I'm in love with my daughter's profile

okay I've got to admit I get very neurotic when I see feathers in kids hands, especially my kids hands, when I think of where that feather has been, like on the avian ass of a carrier of a potential killer strain of influenza. Lots of speculative ofs in that sentence. Even if that's not the case it was probably lying in goose scat moments before.


I don't know what has happened to the bottom half of my face but I want it to stop NOW. I tried to crop myself out of the picture, because Owen and Oona look so cute in it, but it looked too odd cropped.



This picture was a happy accident but I liked how it looked like evening when it was the reflection in the water.

3 comments:

kristi said...

oona looks SO BIG! wow. and that bottom picture is lovely. i thought it was the sky with the sun peeking through those leaves. i get giddy over good picture "accidents."

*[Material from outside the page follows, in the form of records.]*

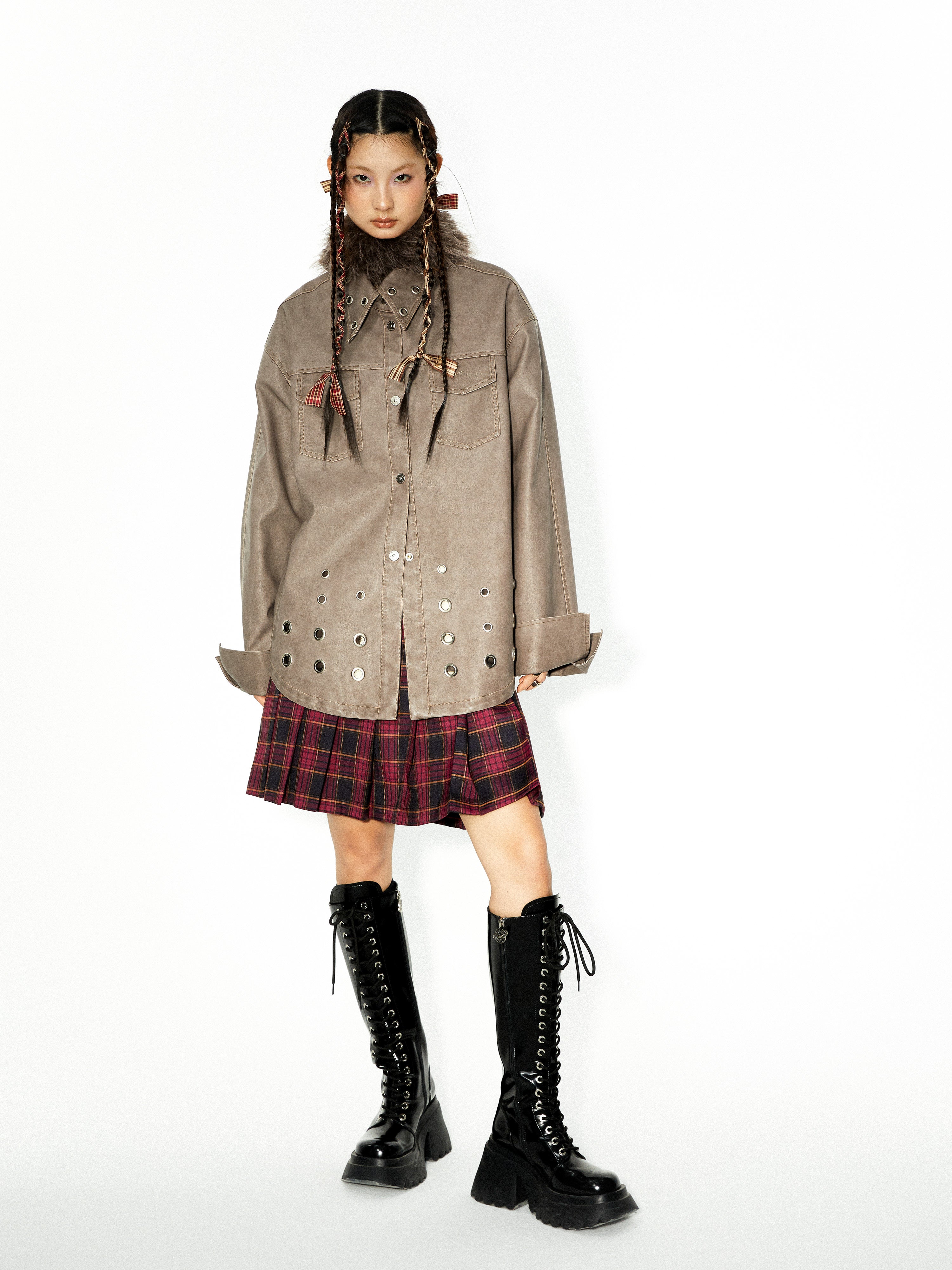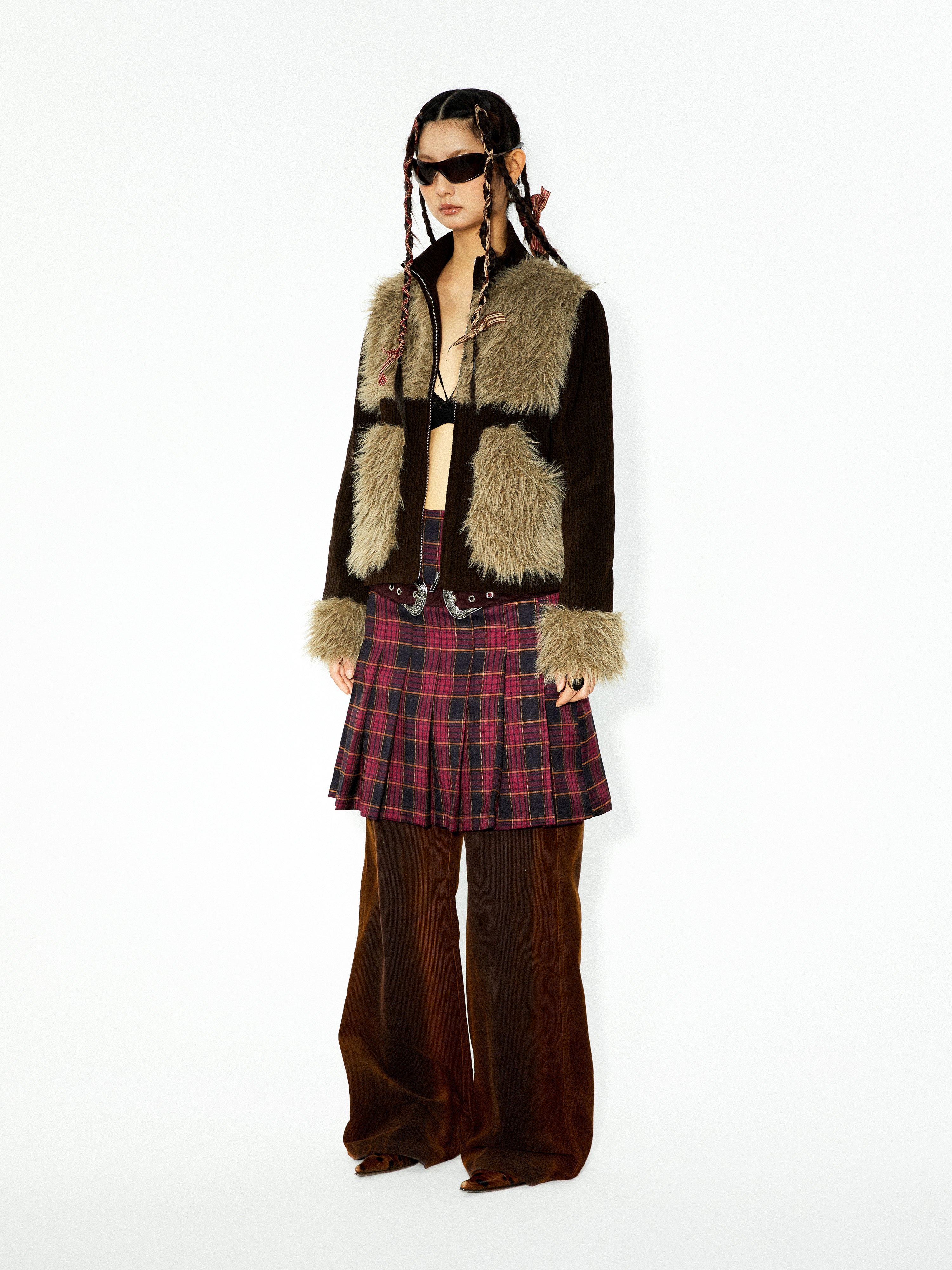 Plaid Stitching ZIP-Up Jacket & Metal Decoration Pleated Skirt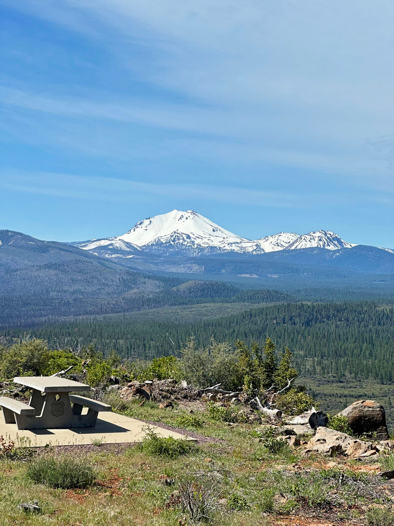 From the boundary sign on, the trail was completely snow free and easygoing. We passed through another large burn scar remnant of the Dixie Fire before descending into a dense pine forest, filled with blooming manzanitas. From there, we continued on the dusty pine duff trail until we arrived at Hat Creek Resort, where we stopped in for ice cream and to dry our tent. A local monk chatted with us about the trail for a bit and expressed that he wanted his monastery to host hikers this season! We then packed up and hiked the remaining few miles into Old Station at mile 1378.8, where we set up for the night behind the Old Station Fill Up. The new owner of JJ’s Cafe gave us the lowdown on showers and laundry, so we finally washed up and enjoyed hot food from the store. Despite being pretty cooked from yesterday, we still clocked a little over 20 miles today! That being said, we’re probably sleeping in tomorrow for pancakes!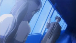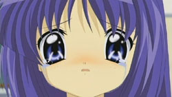 After school ends and he parts ways with Nayuki, who’s feeling better now, Yuuichi finds himself walking through town when he gets tackled from behind by Ayu. She’s still searching for something, but Yuuichi can’t help her today because he wants to get home early. He’s actually quite worried about Makoto, who should have gotten off work by now, and by chance he sees her standing on the sidewalk staring into a game arcade. Specifically, she’s looking at three girls at the purikura machine, which makes Yuuichi wonder if she wants to have her photo taken. Makoto denies it and then heads home with Yuuichi following. Across the street, a girl named Amano Mishio was watching them, but then walks away after they leave. Yuuichi meanwhile asks Makoto about her job, which according to her went fairly easily. After she gets angry at him for not believing her and runs off by herself, Yuuichi turns around and goes the other way to buy a notebook, but he soon realizes that Makoto is still with him, following close behind. When he catches her, she claims have things to do in the same direction that he’s going. Yuuichi finally suggests that they just walk together and so she goes with him.
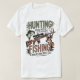Ce t-shirt blanc présente un design qui célèbre les activités extérieures. Le texte "CHASSE RÉSOLUE LA PLUPART DU PROBLÈME" est en haut, avec une illustration d'un fusil et d'un cerf. Ci-dessous, "FISHING SOLVES THE REST" est affiché au-dessus d'un poisson-basse bondissant, suggérant un amour à la fois pour la chasse et la pêche.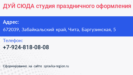ДУЙ СЮДА!, студия праздничного оформления по адресу 672039, Забайкальский край, Чита, Баргузинская, 5 в дальнейшем Организация, размещена в следующих категориях: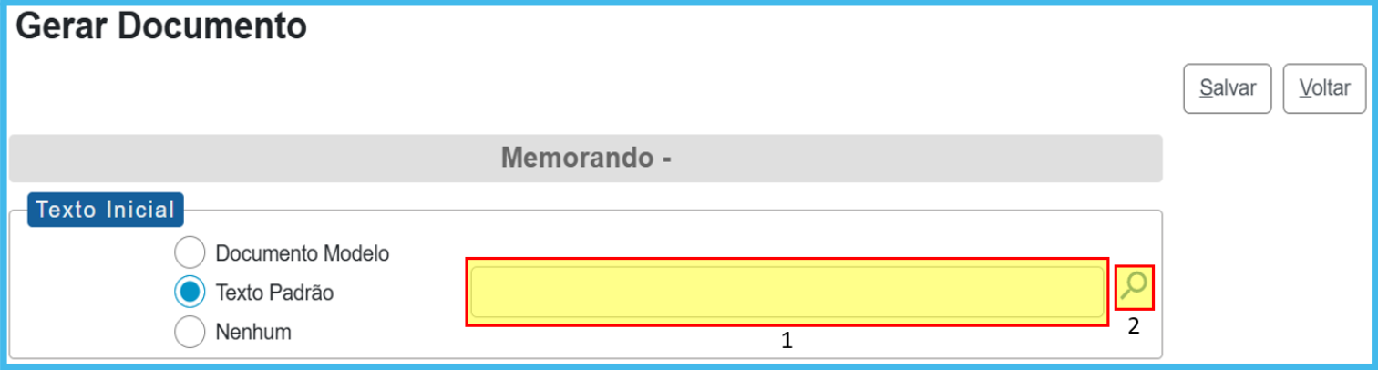 , e na tela seguinte, escolha o tipo de documento que deseja incluir no processo. Na tela de Gerar Documento selecione a opção Texto Padrão, e digite o nome do texto padrão salvo.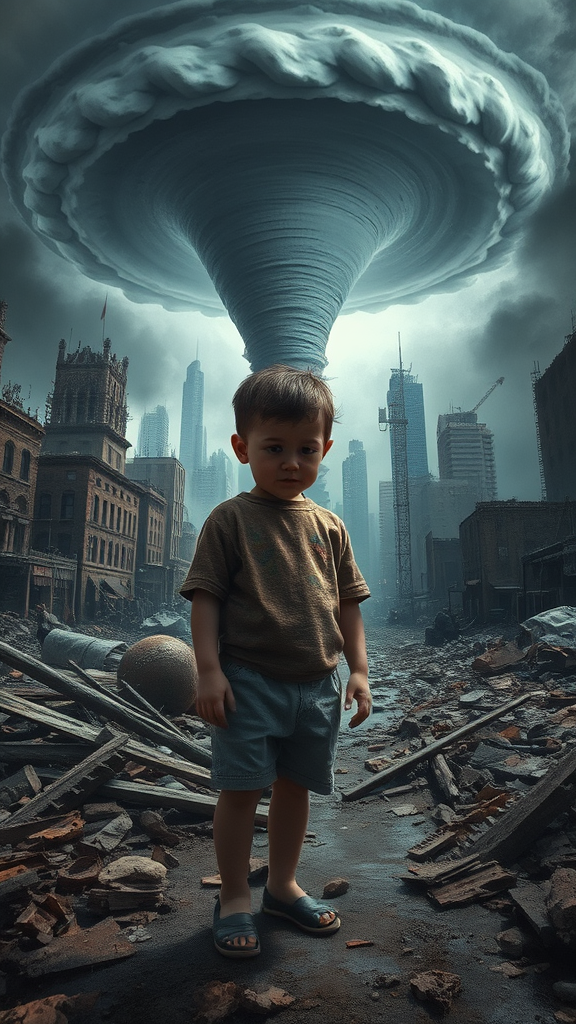 A young child standing alone amidst the ruins, sorrow etched on their face, captured in an oil painting depicting a colossal swirling tornado tearing through a devastated city, ultra-wide shot highlighting the sheer scale of destruction, a powerful natural disaster portrayed in cold, somber colors, featuring an epic composition and grandeur, a masterpiece of emotional depth and visual intensity, award-winning quality, rendered in stunning HD clarity, 64K resolution.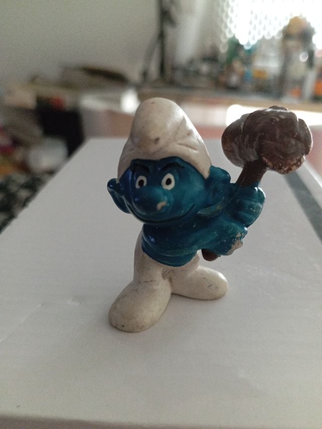 Detalles del productoFigura de colección de un Pitufo sosteniendo un martillo. Es una figura pequeña de plástico PVC. - Presenta un diseño clásico de los Pitufos. - El Pitufo lleva un gorro blanco. - El martillo es de color marrón oscuro. - La figura muestra señales de desgaste por el paso del tiempo.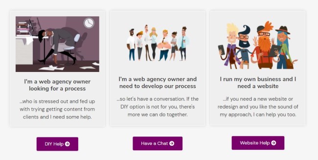 When using the Power of 3, as a way to guide a buyer’s decision, each option should have a call to action to tell the web visitor what it is they need to do next.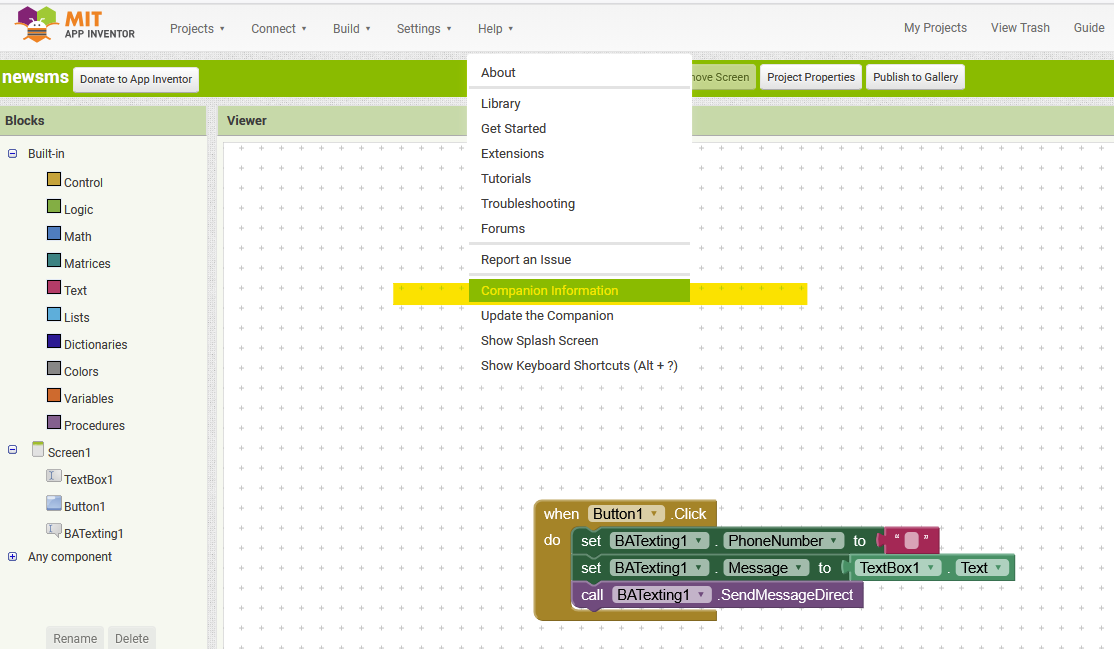 "I am using the official server: ai2.appinventor.mit.edu. The SendMessageDirect block is still present in my Blocks Editor and I can add it to my project. If it was removed from the code base, why is the block still available in the UI? My project relies on sending SMS automatically for a beekeeping monitor. If this is deprecated, what is the recommended way to send background SMS now?"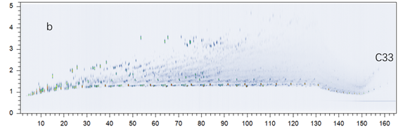 全二维气相色谱是最近发展成熟的一种全新的色谱分离手段,因其分离度好、峰容量大、灵敏度高、化合物排列有规律等优点广泛用于挥发性复杂样品的分析应用,特别在石油化工领域的分离分析应用上取得了很好的效果。石油有机地球化学研究中, 有关凝析油的成因、热演化程度及母质来源的探讨, 需要更为详细的凝析油烃类组成数据。凝析油组成复杂,轻烃含量高,常规石油样品分析方法无法满足凝析油样品的分析要求。而全二维气相色谱可以显著提高凝析油分析的分离效果及定性定量的准确性,结合高扫描速率的质谱技术,实现C3-C8范围内轻烃的详细组分定量和C8以上烃类的族类分析。目前全二维气相色谱-质谱法已成为凝析油烃组成分析的石油天然气行业标准方法(SY_T7315-2016)。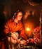 The areas of the scene not alight by candles are painted in dark brown tones, whereas the areas alight by candles are drawn in different shades of orange.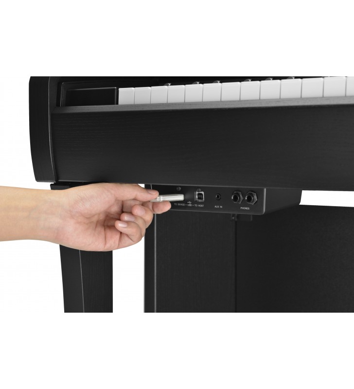 • Verbeterd GrandTouch-S Klavier met toetsbeleg van synthetisch ebbenhout en ivoor (hout wordt gebruikt voor de witte toetsen)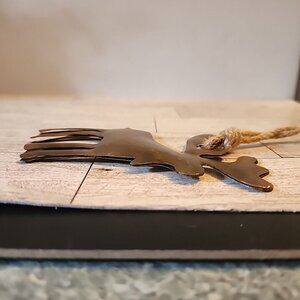 Metal Moose Ornament Brass-colored Jute Hanger Puffy 4.25 Inches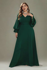 Make an unforgettable entrance in this plus size V-neck gown, featuring elegant lantern sleeves and a beautifully pleated waist that shapes and flatters. The flowing A-line silhouette adds graceful movement and timeless charm. Perfect for formal events, galas, or evening celebrations—effortless elegance designed to elevate every moment.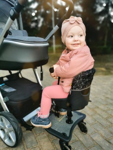 - Duża powierzchnia antypoślizgowa platformy redukuje ryzyko poślizgnięcia się dziecka na platformie oraz odblaskowe elementy dla dodatkowego bezpieczeństwa dziecka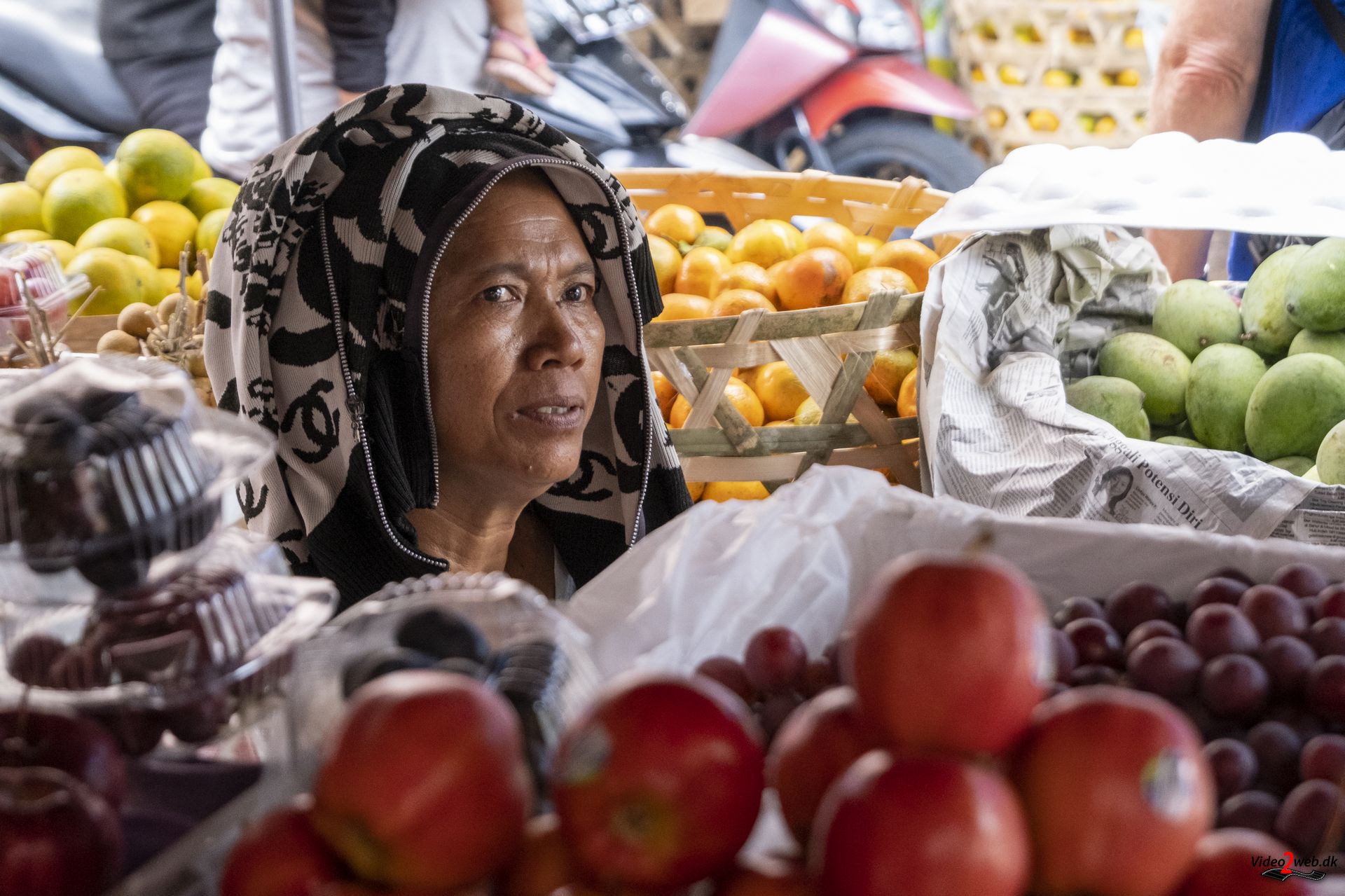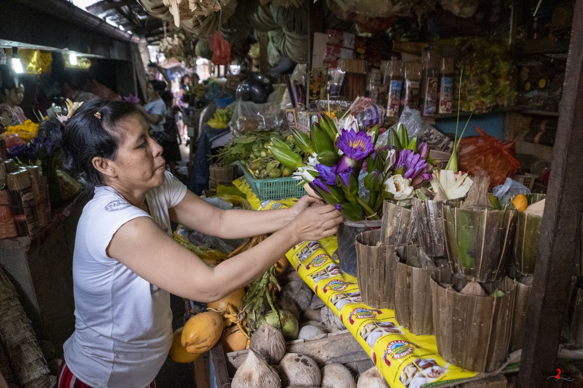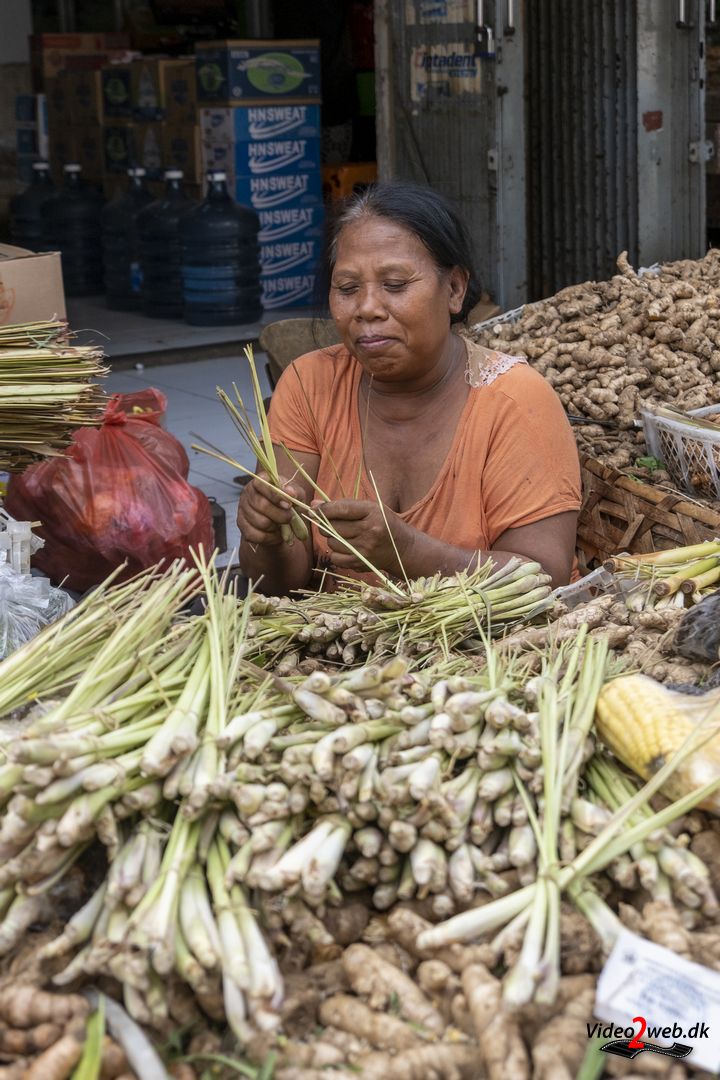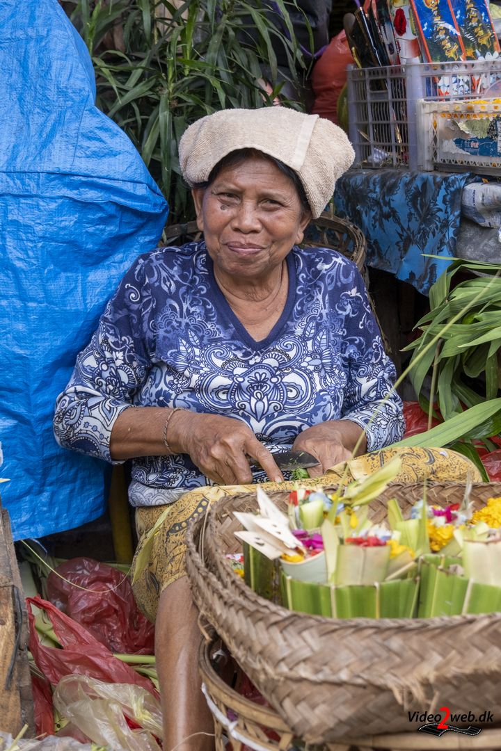 En kvinde forsøger at skabe plads til sin lille æske med offergaver, inden hun sprøjter vievand over – som hun gør tre gange om dagen. Omkring hende kører små motorcykler, handlende med varer og ikke mindst kunder på det store marked i Balis næststørste by, Singaraja.

you look so pretty in that picture. i'm glad you couldn't crop yourself out. it's nice to see your smiling face. and even if you don't feel radiant, you definitely look it.

xo

sew nancy said...

Wow Oona looks a lot more grown up. I love the profile picture and the last shot.
Stress does crazy things to us but, yeah listen to the retired teacher...you are going to make a great nurse.Truly.
Today someone told me that they liked my dress and it was one I made. It made me feel awesome because I don't wear it that much because I thought it looked like a sack on me. And, catch this....someone said I looked fashionable at the pool while walking out of the loo holding M & S's hands in my bathing suit. Can you imagine? So my point is people don't judge you nearly as hard as you judge yourself and I'm talking about myself too.

xoxo

Elise A. Miller said...

ooh! Glad to be catching up with your blog. I also love the pic of you. you look HOT. you are way too hard on yourself. just think. one day you'll be 70, god willing. what will you say about yourself then? I try to look at myself now through the eyes of my elderly self so I can appreciate what suppleness and smoothness is left. so poo poo as my mother would say. i am also so way inspired by your nursing school journey!! loving it.